**PROMPT:** Exact copy, pictures excluded: print the lines from the one with "Caption: This coronal" through the final line of the records.

▬▬▬▬▬▬▬▬▬▬

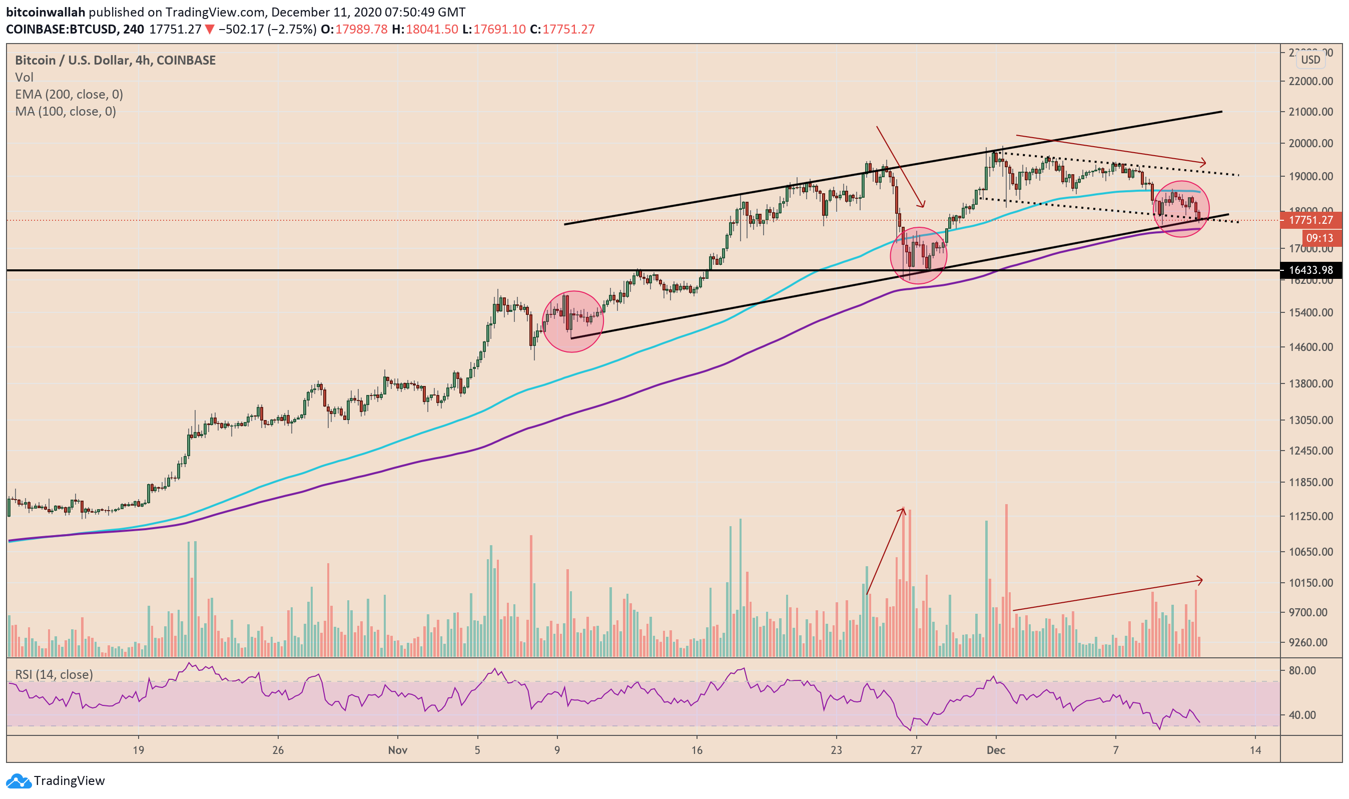 A baseline of another channel formation — a Descending one — is also converging with the Ascending Channel’s support trendline. That doubles up the area’s strength while protecting Bitcoin from further bearish assaults. Tripling up the power is a visible divergence between the cryptocurrency’s rising volume and declining price. It is—technically—bullish.
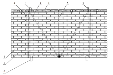 Рис.5. Модуль для ремонта фасада здания: 1 – кирпичная кладка; 2 – верхний горизонтальный уголок; 3 – нижний горизонтальный уголок; 4, 5 – вертикальные стойки; 6 – пластина-фиксатор; 7 – крепежная петля; 8 – диагональная перемычка
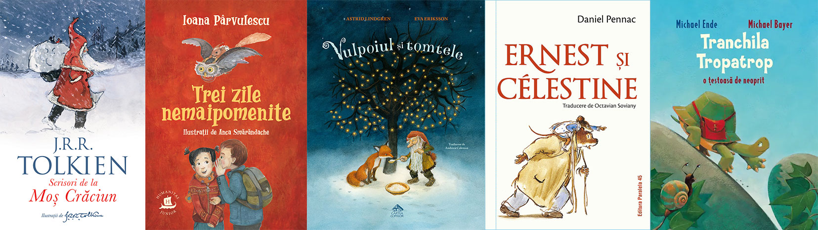 • Ernest și Celestine, de Daniel Pennac: „Acesta este romanul prieteniei dintre un urs și o șoricuță cucerite în pofida tuturor prejudecăților, povestit cu umor și candoare de scriitorul francez Daniel Pennac în amintirea lui Gabrielle Vincent, scumpa sa prietenă de cerneală, hârtie și acuarele.” (Ed. Paralela 45; trad. Octavian Soviany)
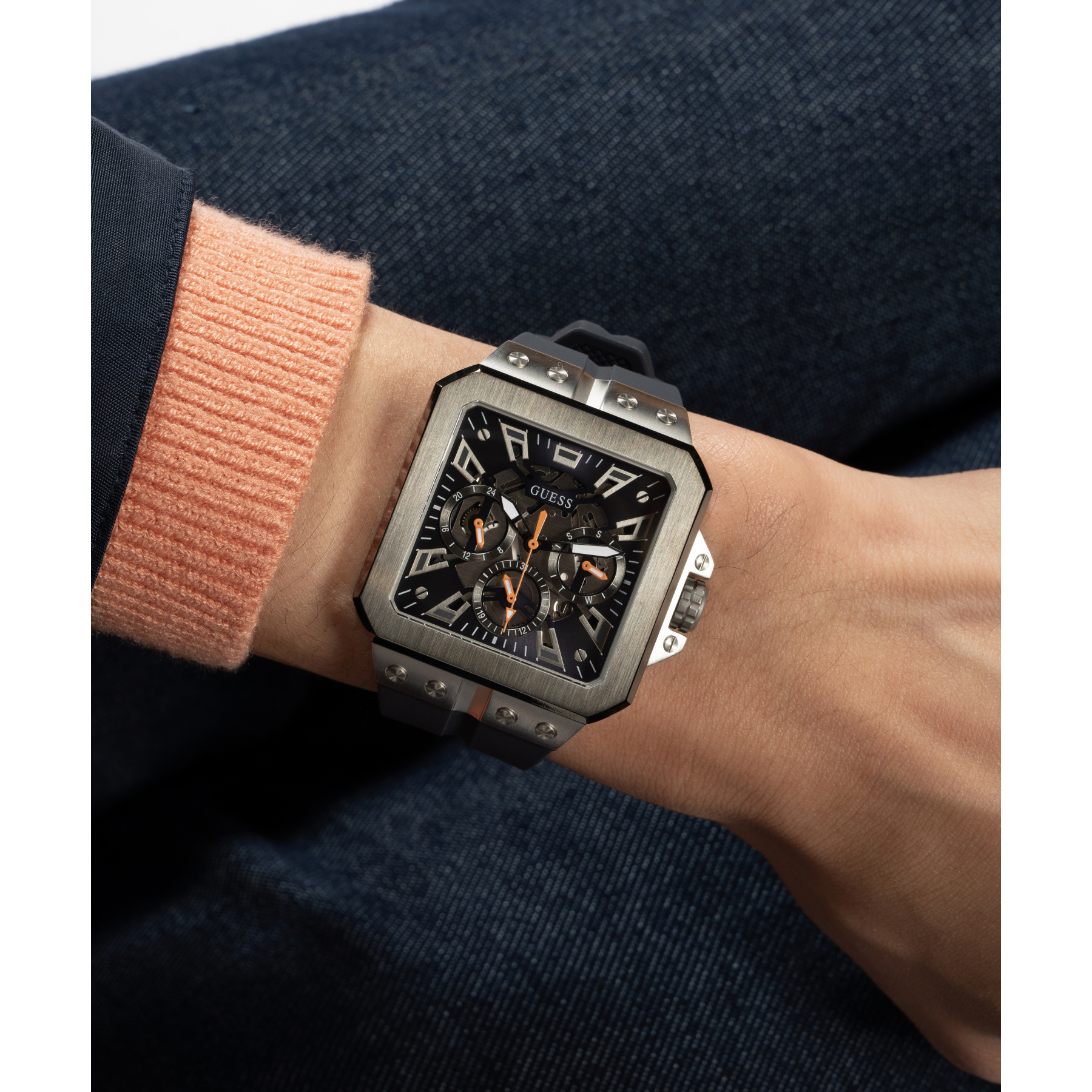 Чоловічий багатофункціональний годинник GUESS GW0637G1 з колекції MENS SPORT. Сталевий Silver Tone квадратной форми корпус. Розмір корпуса - 42 х 42 мм, товщина - 10,1 мм. Синій силіконовий ремінець с класичною застібкою пряжкой. Стрілки с люмінесцентним покриттям. Водозахист - 3 АТМ.
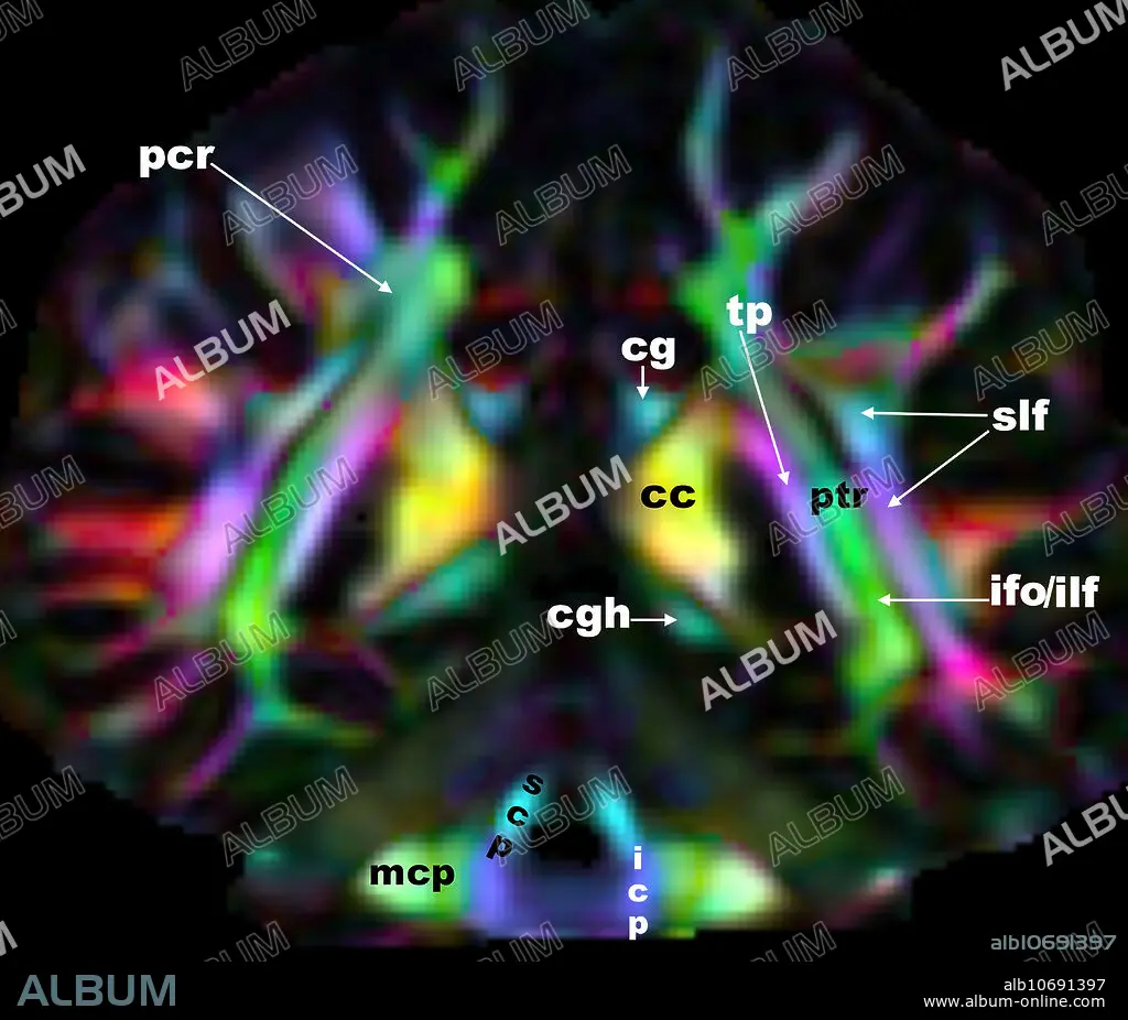 Caption: This coronal (from the front) colour DTI (diffusion tensor imaging) image depicts the major white matter tracts in the brain. By convention tracts oriented from anterior to posterior (front to back) are green, tracts oriented from side to side are red and those tracts oriented superior to inferior (head to toe) are blue.
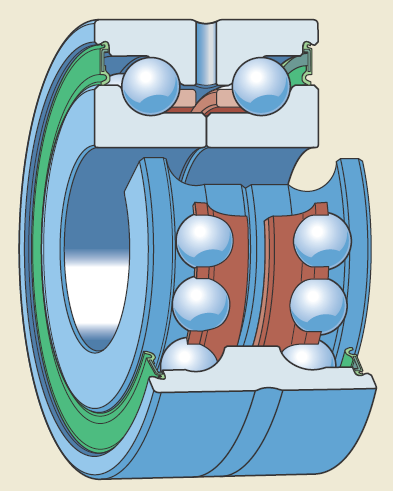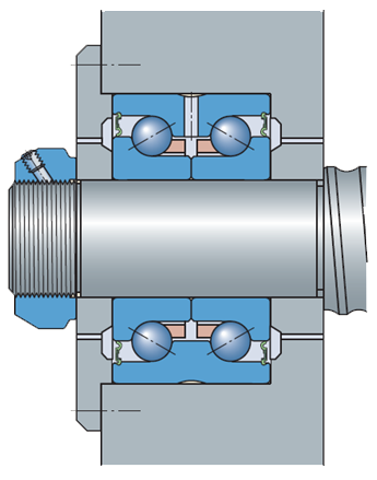 BEAS系列軸承相當(dāng)于兩套單向軸承背對(duì)背配置的結(jié)構(gòu)。其不可分離,有一個(gè)外圈和兩個(gè)內(nèi)圈,接觸角為60°。軸承可以承受徑向和兩個(gè)方向的軸向載荷。預(yù)載荷(在工廠預(yù)先設(shè)置)通過(guò)用如精密鎖緊螺母 并緊絲杠驅(qū)動(dòng)軸上的兩半內(nèi)圈得到。這些軸承的外圈上有標(biāo)準(zhǔn)化的環(huán)形槽和潤(rùn)滑油孔,在需要的時(shí)候,可以非常容易

▬▬▬▬▬▬▬▬▬▬

**TASK RESULT:**
 Caption: This coronal (from the front) colour DTI (diffusion tensor imaging) image depicts the major white matter tracts in the brain. By convention tracts oriented from anterior to posterior (front to back) are green, tracts oriented from side to side are red and those tracts oriented superior to inferior (head to toe) are blue.
 BEAS系列軸承相當(dāng)于兩套單向軸承背對(duì)背配置的結(jié)構(gòu)。其不可分離,有一個(gè)外圈和兩個(gè)內(nèi)圈,接觸角為60°。軸承可以承受徑向和兩個(gè)方向的軸向載荷。預(yù)載荷(在工廠預(yù)先設(shè)置)通過(guò)用如精密鎖緊螺母 并緊絲杠驅(qū)動(dòng)軸上的兩半內(nèi)圈得到。這些軸承的外圈上有標(biāo)準(zhǔn)化的環(huán)形槽和潤(rùn)滑油孔,在需要的時(shí)候,可以非常容易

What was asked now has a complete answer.